For those who celebrate, it's rifle-Dick-Cheney-in-the-ground day Apparently the only presidents attending are Biden & Dubya
Jamil Abdullah Al-Amin, Black Power Activist Known as H. Rap Brown, Dies at 82 A charismatic orator in the 1960s, he called for armed resistance to white oppression. As a Muslim cleric, he was convicted of murder in 2000 and died in detention. An admirer of the Cuban revolution, he preached armed resistance and separatism, declaring: “Violence is necessary. Violence is a part of America’s culture. It is as American as cherry pie.

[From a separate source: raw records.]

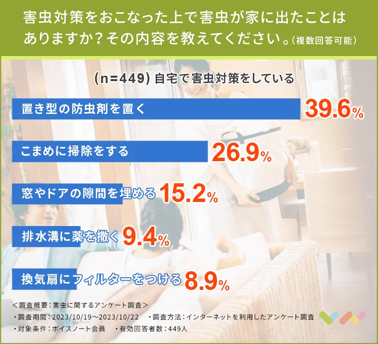 今回は害虫対策をしている449人にどんな対策を行っているのか内容を聞いてみました!
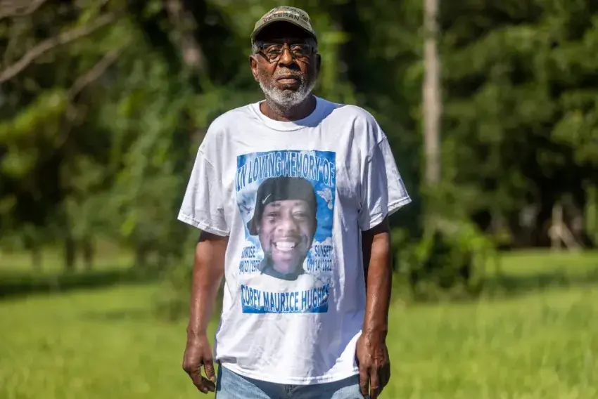 James E. Hughes, father of Corey Maurice Hughes, poses for a portrait near his home in the Palmers Crossing community in Hattiesburg, Miss., Tuesday, August 16, 2022. Corey was shot and killed by a Forrest County Sheriff's deputy, as deputies attempted to transport him to a mental health facility. Credit: Eric Shelton/Mississippi Today
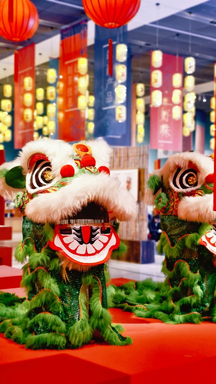 转头又看到了超可爱的醒狮头,绿毛毛亮闪闪的,和满墙的红灯笼相映,瞬间想起过年敲锣打鼓的热闹劲儿。
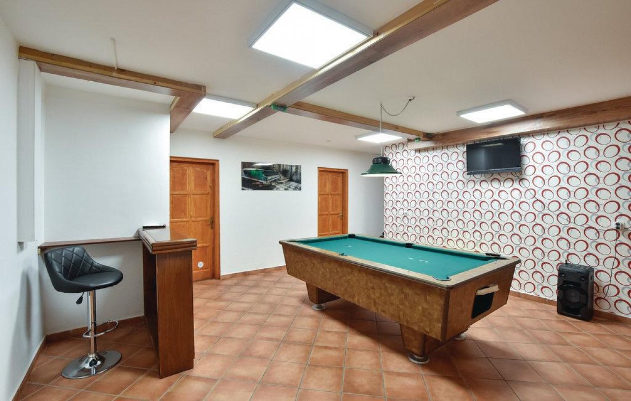 Im Erdgeschoss befinden sich ein großzügiges Wohnzimmer mit angrenzender, maßgefertigter Küche und ein elegantes Esszimmer. Vom Wohnbereich gelangt man direkt auf eine große Terrasse mit freiem Meerblick, die zum Entspannen im Alltag und zum Genießen des Sonnenuntergangs einlädt. Ebenfalls im Erdgeschoss befindet sich eine traditionelle dalmatinische Taverne mit überdachter Terrasse – ideal für gesellige Treffen und authentisches mediterranes Flair. Im Untergeschoss befindet sich ein Entspannungsbereich mit Billard und Sauna, der den gehobenen Charakter der gesamten Villa unterstreicht.
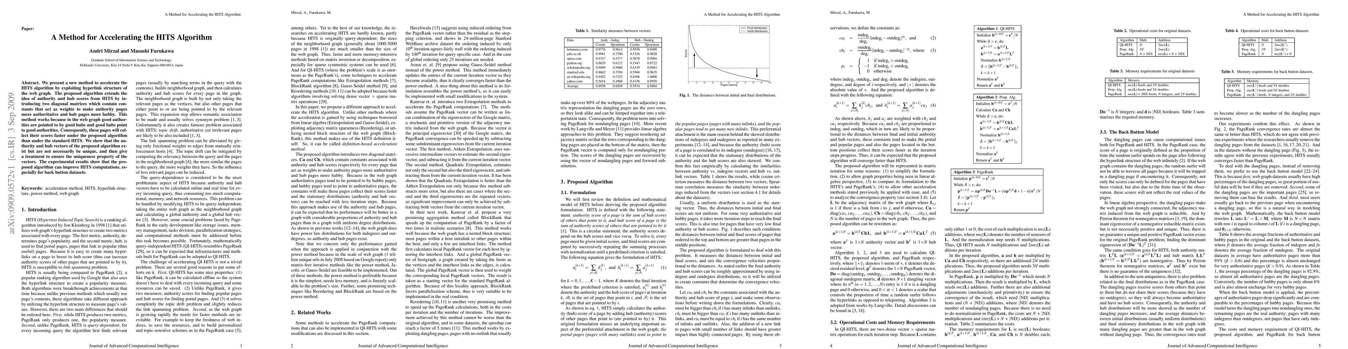 The paper introduces an enhanced HITS (Hyperlink-Induced Topic Search) algorithm that expedites score computation for web pages, leveraging hyperlink structures. It achieves this by incorporating weighted diagonal matrices for authorities and hubs, ensuring faster convergence to scores. The method maintains uniqueness of authority and hub vectors, and experimental results indicate significant improvement, especially for datasets simulating web navigation with back buttons.
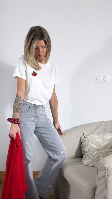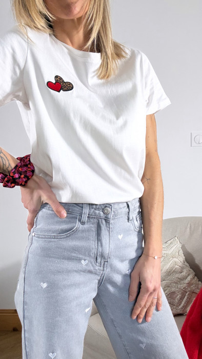 • Sur la poitrine, deux cœurs entremêlés — l’un à l’imprimé léopard, l’autre rouge — apportent du caractère et une note tendance.
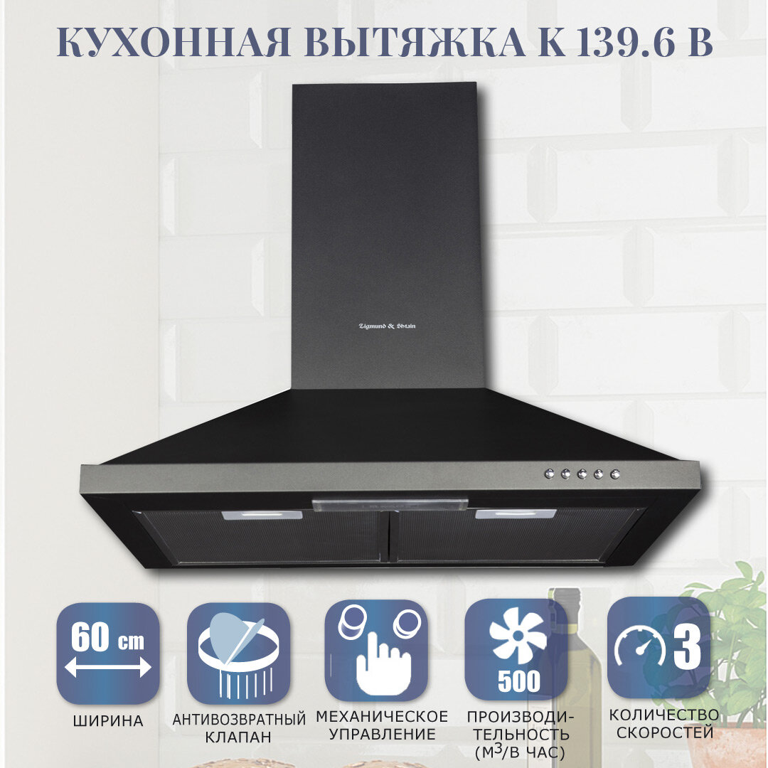 Вытяжкa Zigmund&Shtain K 139.6 B/ чёрн 60 смТурция /500 куб. м/ч
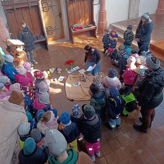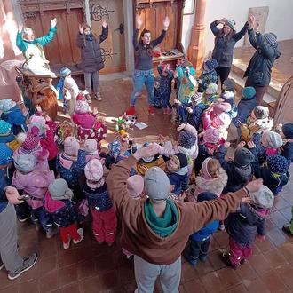 An Gründonnerstag machten sich alle Kinder und Erzieher des Diakonie-Kindergartens „Wirbelwind“ in Schalkau auf den Weg in die Johanniskirche. Unsere Erzieherin Tanja hatte eine kleine Osterandacht vorbereitet. Gemeinsam legten wir ein Bodenbild, und den Kindern wurde so auf kindliche Art und Weise der christliche Sinn des Osterfestes gezeigt und erklärt. Es wurde erzählt, gesungen und auch gebetet.
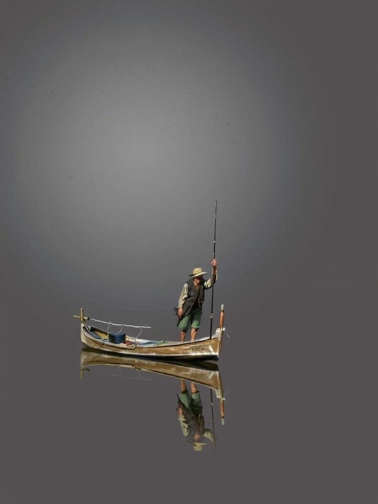 A peaceful old man stands on a small wooden boat, holding a fishing pole, as the calm water and misty morning background create a sense of stillness and simplicity, reminiscent of traditional fishing scenes
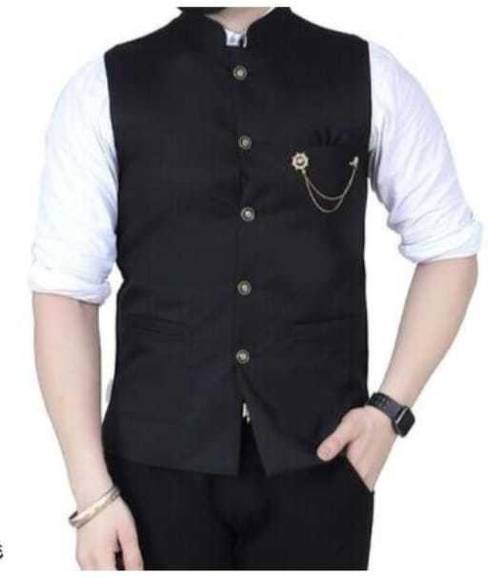 Eliq Solid Mandarin Festive & Wedding Men Blazer (Black)
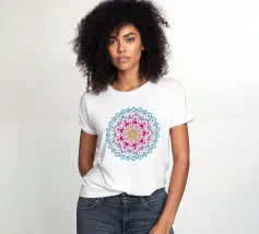 Un bellissimo mandala nei colori dell'arcobaleno. Un grande colpo d'occhio in questa armoniosa composizione di colori.
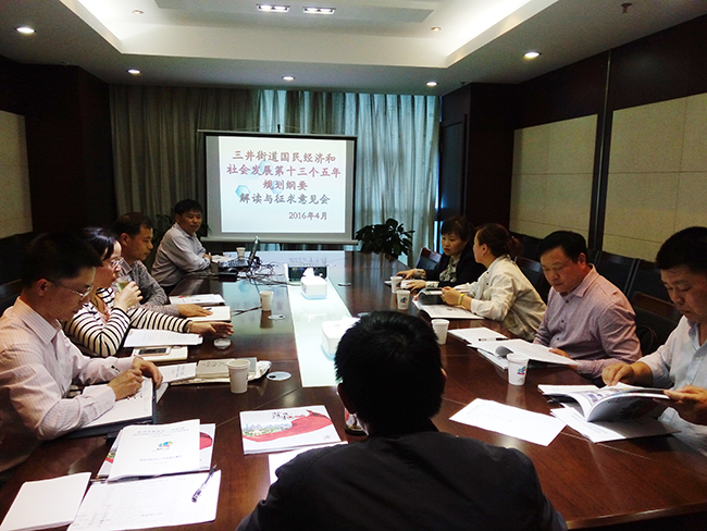 会上刘教授首先对三井街道“十二五”期间经济社会发展作了一个简要回顾。其次结合区域发展的实际着重从指导思想和发展思路、发展定位与目标、产业转型、优化空间、社区共享发展、人才引进培育等方面对街道“十三五”规划纲要内容作了较为详细的解读。参会代表们对街道“十三五”规划中的自身定位和发展目标积极阐述了自己的看法,并结合各自了解的情况提出了意见建议。代表一致认为该规划纲要思路清晰、定位明确、目标可期、内容全面,具体路径措施有很强的现实针对性。通过解读让与会代表们在回顾过去五年所取得的丰硕成果的基础上,对今后五年三井街道经济和社会发展方向和奋斗目标有了更深刻的理解。纲要的形成将有利于街道凝聚全社会力量为建设好创新、协调、绿色、开放、共享的新三井而共同努力奋斗。

Step out of limbo and roll on rolling stone... no more obstacles in your way... ("Pneumonia following a siziure")
Check out the movie "The Harder They Come." I saw Jimmy Cliff back a long time ago at an outdoor concert on a sunny summer day. These high school kids asked me if I had any hemp. I was tempted to tell them to go smoke that-thar piece of rope, but nah, that wooda been mean. RIP Jimmy
I never got past the soundtrack...it wasn't until "Natty Dread" that i got a real feel for the genre, that and "Sinsemilla..." Oh and "Black and Dekker..."
The movie is a very fun watch. I love movies that are “real” depictions of a place and time, and the movie was made so on the cheap that you saw where they lived, how they lived.
Mother Viola Fletcher, 111 (wow). Oldest known survivor of the Tulsa Race Massacre TULSA, Okla. — Mother Viola Fletcher died on Nov. 24, 2025 at the age of 111 after spending the majority of her life fighting for justice after the 1921 Tulsa Race Massacre. https://www.kjrh.com/news/local-new...eaves-legacy-of-fighting-for-justice-in-tulsa
I’d like to celebrate a survivor’s life and triumph, but instead, I’m waiting to see how Trump will divide us with an offhand Truth.